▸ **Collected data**
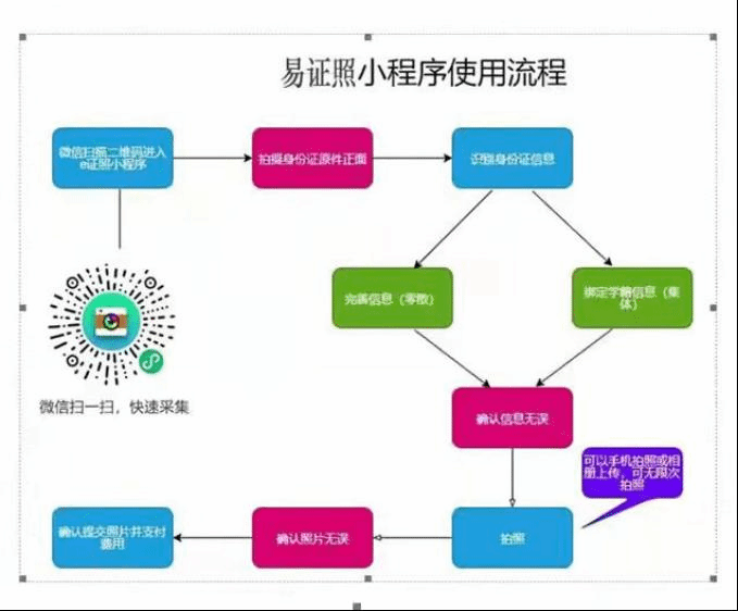 为保证我校成人高等教育毕业生图像信息采集工作顺利进行,根据疫情防控的相关要求,尽量减少学生聚集活动,经与图像采集实施方沟通,2022年毕业生图像信息采集工作采用“线上”方式进行,学生可通过微信端“易证照”小程序,利用手机自行完成毕业生图像信息采集工作(见附件)。具体有关事项通知如下:
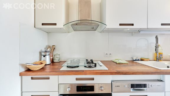 - Une cuisine équipée avec notamment : bouilloire électrique, machine à café filtre, four, four à micro-ondes, grille-pain, lave-vaisselle, plaques de cuisson...
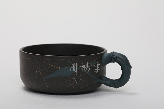 此冰梅套壶是作者于1996年精心制作,难度极高,采用松、竹、梅为主题,壶嘴为松段,胥出小枝,上蹲着一只小松鼠,紧盯着松果,松段上还露出截枝的毛刺,非常逼真形象,壶把为竹节,胥出竹枝竹叶,刚劲有力,竹叶飒爽,自然潇洒。壶盖为梅花,壶纽为梅花的花蕊,制作细腻精致,颇有难度,从壶纽胥出根根花蕊,又增添了花蕊的立体感,别具新意。壶身为绞贴泥制作,冰片中嵌入银丝,并有梅花贴泥装饰。整把壶虽围绕传统主题“松竹梅”进行,但作者将三者和谐的融合并表现在壶身,有新意且特别。
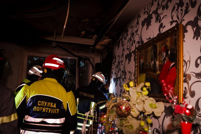 Пожежа в будинку, пошкодженому ударом російського “Шахеда” в Холодногірському районі Харкова, 18 січня 2026 року. ДСНС Харківщини
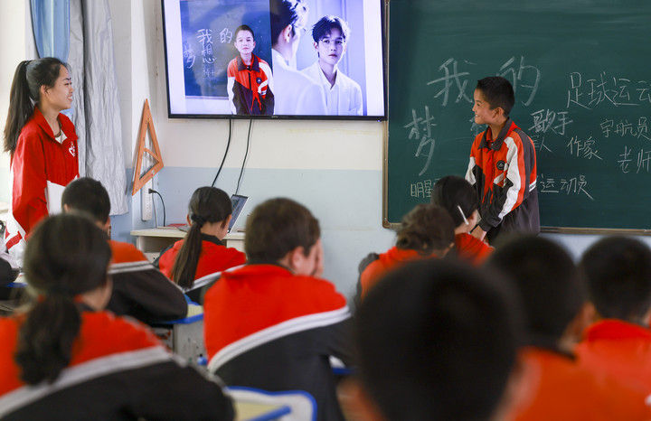 新疆克孜勒蘇柯爾克孜自治州阿圖什市哈拉峻鄉(xiāng)謝依特小學(xué),是一所主要面向柯爾克孜族學(xué)生的村級小學(xué),2022年8月成為該州首個西部計劃志愿者包校支教的試點學(xué)校。23名戍邊支教西部計劃志愿者服務(wù)隊的志愿者,在這所小學(xué)承擔(dān)著教書育人的工作。經(jīng)過近三年的支教服務(wù),學(xué)生的學(xué)習(xí)成績顯著提高,得到當(dāng)?shù)貜V泛認(rèn)可。這是2025年4月23日,支教教師高淑賢(左一)在班級里展示她為學(xué)生們制作的“AI夢想職業(yè)照”。
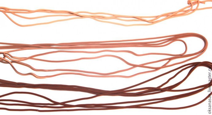 Разомните несколько кусочков глины разных оттенков, сформируйте небольшие цилиндры по диаметру экструдера, сложите вместе от темного к светлому, вложите в экструдер и выдавите. Для изготовления такого браслета одной закладки не хватит, поэтому я разделила всю глину на две порции: от темного к среднему цвету по насыщенности, а затем от среднего до белого.
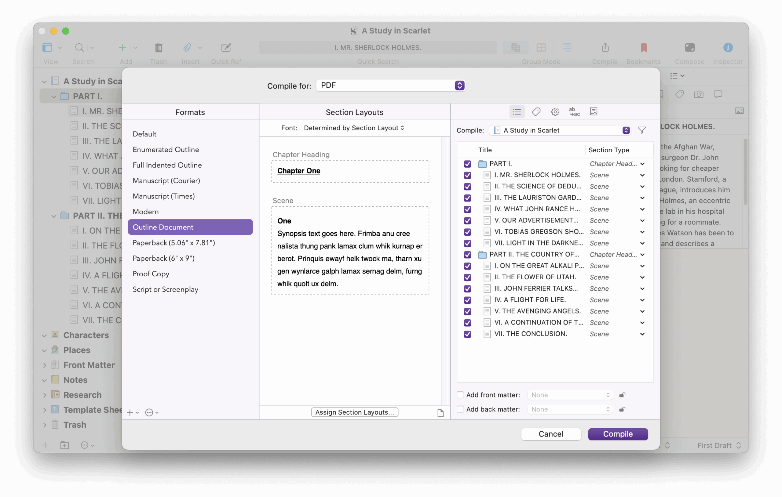 7. Compile and export a synopsis outline. Scrivener’s Compile feature puts all the elements of your project together to create a PDF or ebook, but you can also export an outline of your project. If you fill in the Synopsis fields for your files, Scrivener exports these in Outline Document format. Choose File > Compile, click Outline Document in the Formats list, and choose PDF in the Compile For menu. This saves a PDF with the titles of all your files and their synopses. You can use this to share an overview of your project with a friend, agent, or editor. For more on compiling Scrivener projects, see Compiling Your Scrivener Project: The Basics.
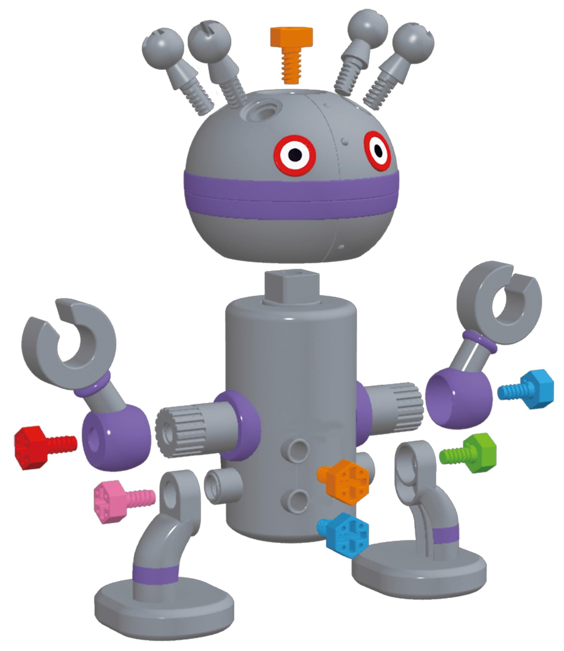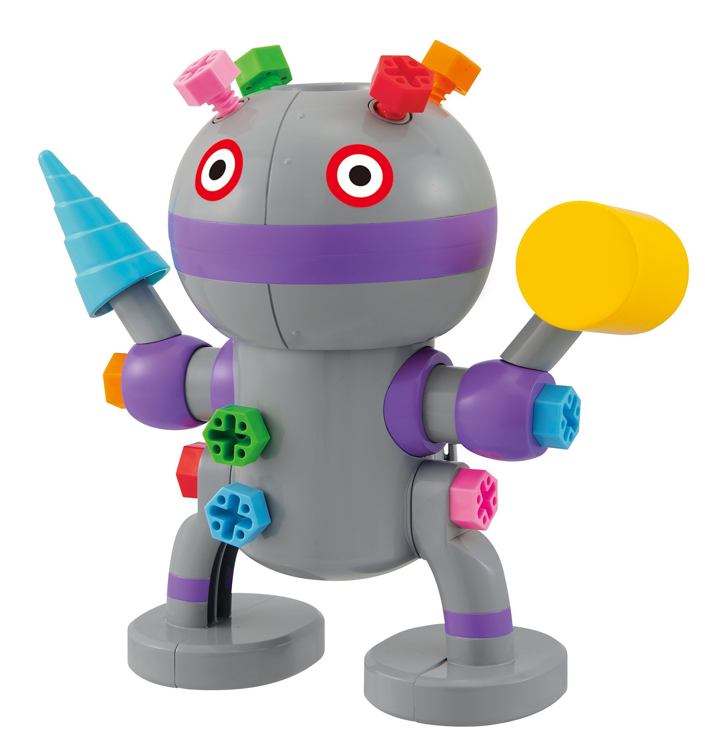 完成しただだんだんは、電動ドライバーを本体に入れて、動かすと、頭とアームが回るよ! 頭と指先を使って、組み立て遊びを楽しみながら、想像力や集中力、問題解決力を育みます。

▸ **Work to be completed**
If a picture appears among the records, leave it out, and otherwise reproduce exactly every line from the first line through the one with "此冰梅套壶是作者于1996年", both included.

▸ **Reply to the task**
 为保证我校成人高等教育毕业生图像信息采集工作顺利进行,根据疫情防控的相关要求,尽量减少学生聚集活动,经与图像采集实施方沟通,2022年毕业生图像信息采集工作采用“线上”方式进行,学生可通过微信端“易证照”小程序,利用手机自行完成毕业生图像信息采集工作(见附件)。具体有关事项通知如下:
 - Une cuisine équipée avec notamment : bouilloire électrique, machine à café filtre, four, four à micro-ondes, grille-pain, lave-vaisselle, plaques de cuisson...
 此冰梅套壶是作者于1996年精心制作,难度极高,采用松、竹、梅为主题,壶嘴为松段,胥出小枝,上蹲着一只小松鼠,紧盯着松果,松段上还露出截枝的毛刺,非常逼真形象,壶把为竹节,胥出竹枝竹叶,刚劲有力,竹叶飒爽,自然潇洒。壶盖为梅花,壶纽为梅花的花蕊,制作细腻精致,颇有难度,从壶纽胥出根根花蕊,又增添了花蕊的立体感,别具新意。壶身为绞贴泥制作,冰片中嵌入银丝,并有梅花贴泥装饰。整把壶虽围绕传统主题“松竹梅”进行,但作者将三者和谐的融合并表现在壶身,有新意且特别。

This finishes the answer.